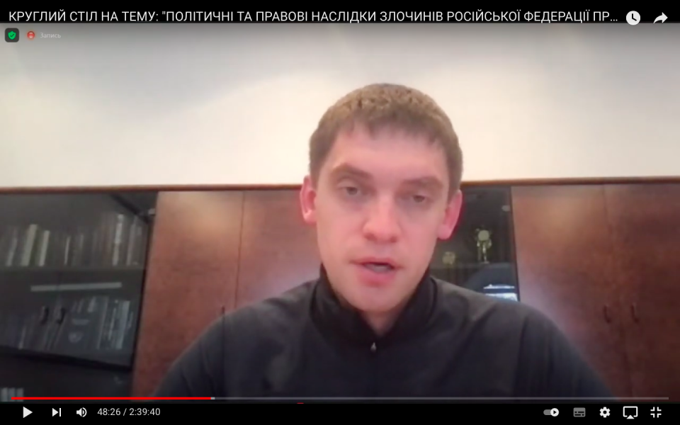 У виступі Олексій Симоненко, зокрема, зазначив, що органи прокуратури всі зусилля зосередили на зборі та документуванні вчинених окупантами злочинів. Він повідомив, що наразі відкрито 12 тисяч кримінальних проваджень за фактами воєнних злочинів. За його словами, масштаби вчинених злочинів є безпрецедентними, опрацьовується кожна заява і повідомлення про факти виявлених злочинів. Прокурори напрацьовують докази для надання їх Міжнародному кримінальному суду.
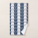 Juego de toallas de baño con triángulo geométrico de tiras blancas azules.
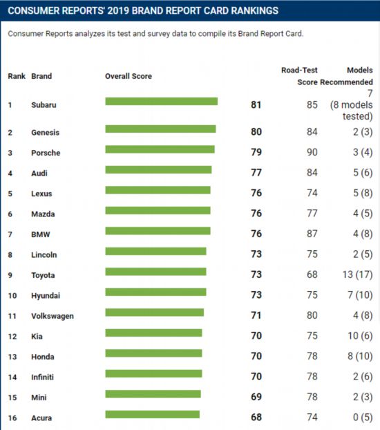 《消费者报告》的汽车测试高级主管Jack Fisher说:“最近斯巴鲁推出多款全新和改款车型,受到市场欢迎。要取得这样的效果并不容易。品牌对旗下汽车做出调整或发布新车时,其可靠性往往受到影响,在榜单中的排名会有所下降。但排名靠前的汽车品牌知道如何应对,这对消费者来说是好消息。”
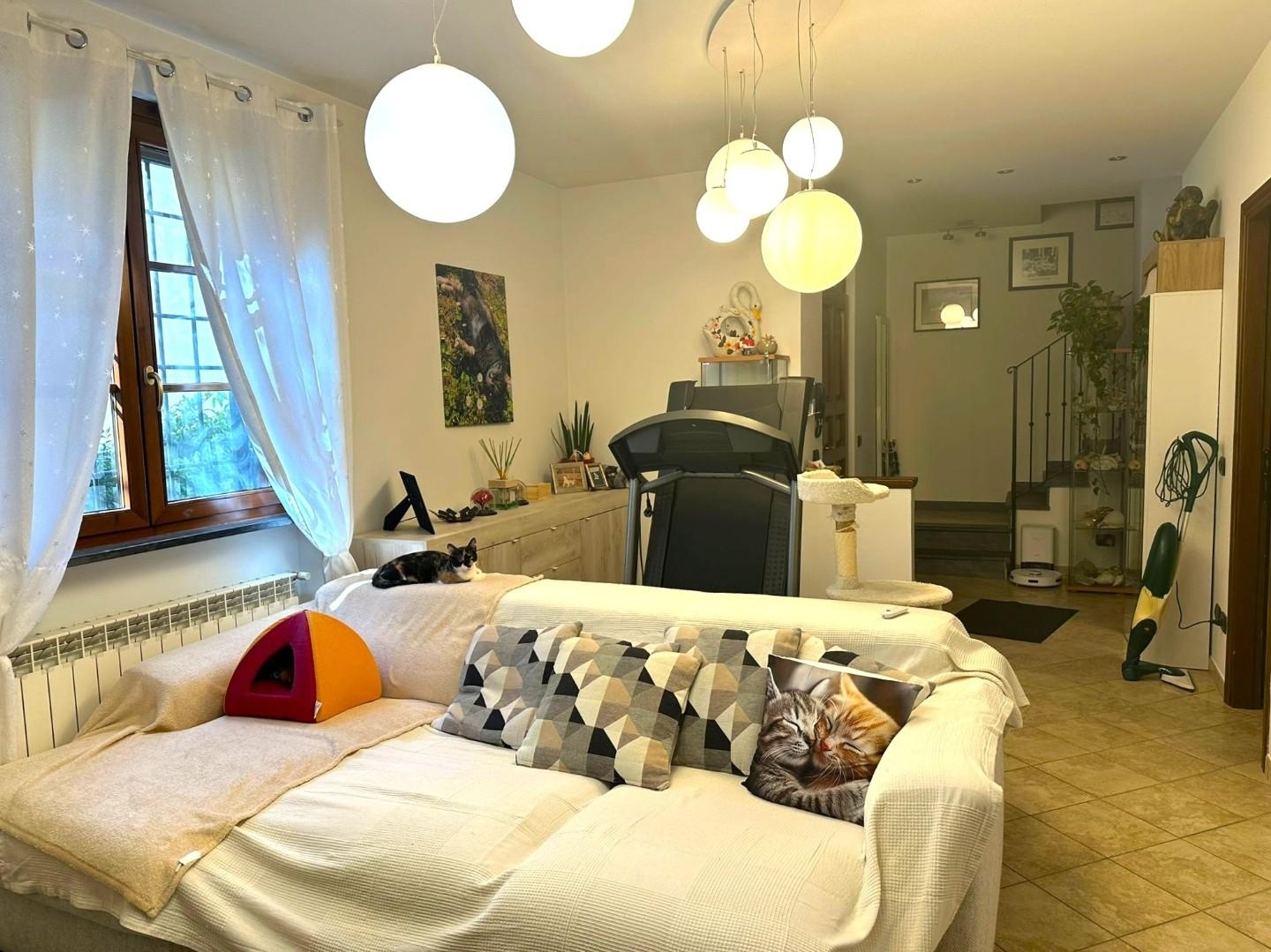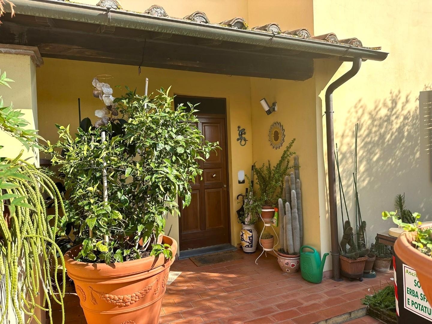 Rif: vs capa 325 - capannori, a 500 mt dal centro, in zona interna tranquilla, proponiamo in vendita villetta a schiera centrale di 130 mq elevata su due livelli, in ottime condizioni (costruzione 2006), composta al piano terra da: ingresso/ampio soggiorno, cucina abitabile, bagno finestrato con doccia e locale lavanderia/ripostiglio; al primo piano disimpegno, un'ampia camera matrimoniale con armadio a muro, due camere singole e ampio bagno finestrato con vasca idromassaggio e doccia, oltre a soffitta ad uso ripostiglio con scala retrattile. A corredo dell'abitazione giardino di 20 mq sul davanti, giardino (attualmente lastricato) di 25 mq sul retro e due posti auto all'interno della resede con cancello automatico. Ottime rifiniture: pavimento in gres porcellanato e parquet, infissi in legno con doppi vetri, zanzariere e persiane blindate in alluminio ed inferriate al piano terra. Dotata di aria condizionata, addolcitore, videocitofono e videosorveglianza.
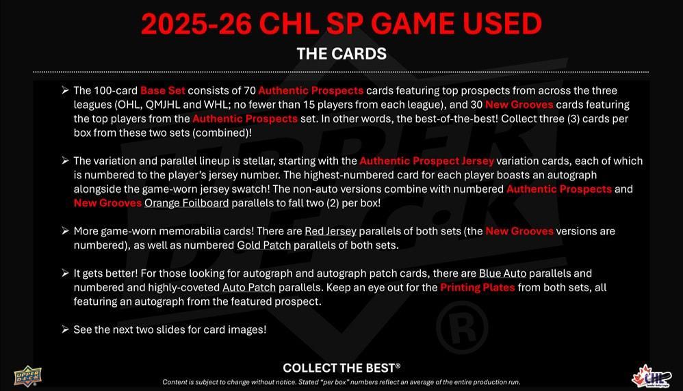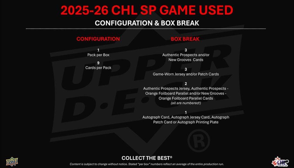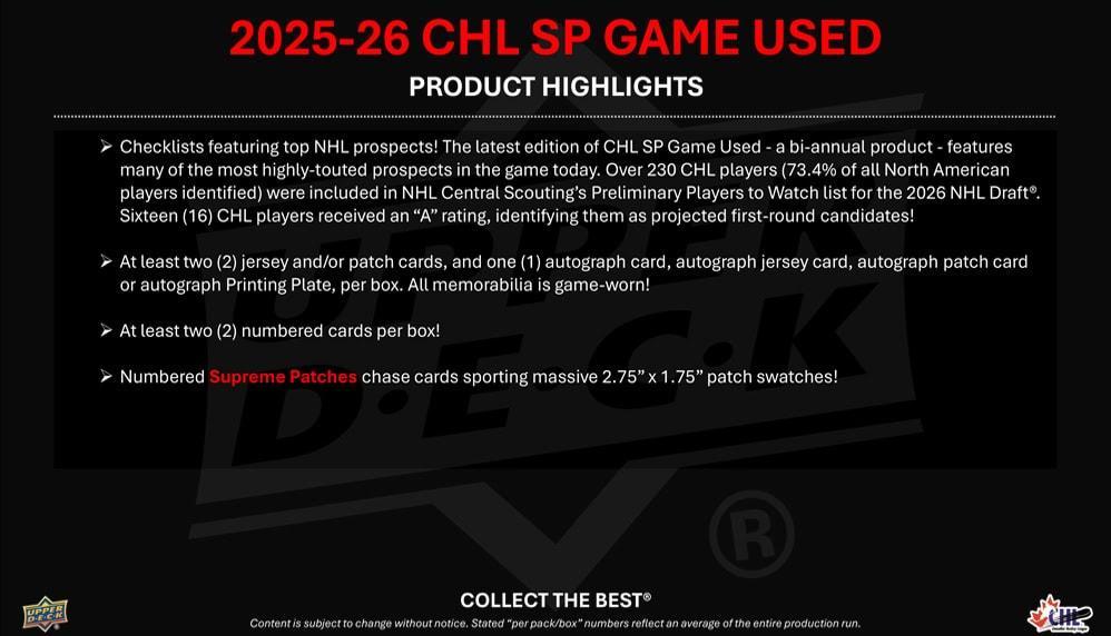 2025-26 Upper Deck SP Game Used CHL Hockey Hobby Box (Pre Order)
# # #
EXERCISE DESCRIPTION:
Could you copy every record above exactly, leaving out the pictures?

SOLUTION TO THE EXERCISE:
 У виступі Олексій Симоненко, зокрема, зазначив, що органи прокуратури всі зусилля зосередили на зборі та документуванні вчинених окупантами злочинів. Він повідомив, що наразі відкрито 12 тисяч кримінальних проваджень за фактами воєнних злочинів. За його словами, масштаби вчинених злочинів є безпрецедентними, опрацьовується кожна заява і повідомлення про факти виявлених злочинів. Прокурори напрацьовують докази для надання їх Міжнародному кримінальному суду.
 Juego de toallas de baño con triángulo geométrico de tiras blancas azules.
 《消费者报告》的汽车测试高级主管Jack Fisher说:“最近斯巴鲁推出多款全新和改款车型,受到市场欢迎。要取得这样的效果并不容易。品牌对旗下汽车做出调整或发布新车时,其可靠性往往受到影响,在榜单中的排名会有所下降。但排名靠前的汽车品牌知道如何应对,这对消费者来说是好消息。”
 Rif: vs capa 325 - capannori, a 500 mt dal centro, in zona interna tranquilla, proponiamo in vendita villetta a schiera centrale di 130 mq elevata su due livelli, in ottime condizioni (costruzione 2006), composta al piano terra da: ingresso/ampio soggiorno, cucina abitabile, bagno finestrato con doccia e locale lavanderia/ripostiglio; al primo piano disimpegno, un'ampia camera matrimoniale con armadio a muro, due camere singole e ampio bagno finestrato con vasca idromassaggio e doccia, oltre a soffitta ad uso ripostiglio con scala retrattile. A corredo dell'abitazione giardino di 20 mq sul davanti, giardino (attualmente lastricato) di 25 mq sul retro e due posti auto all'interno della resede con cancello automatico. Ottime rifiniture: pavimento in gres porcellanato e parquet, infissi in legno con doppi vetri, zanzariere e persiane blindate in alluminio ed inferriate al piano terra. Dotata di aria condizionata, addolcitore, videocitofono e videosorveglianza.
 2025-26 Upper Deck SP Game Used CHL Hockey Hobby Box (Pre Order)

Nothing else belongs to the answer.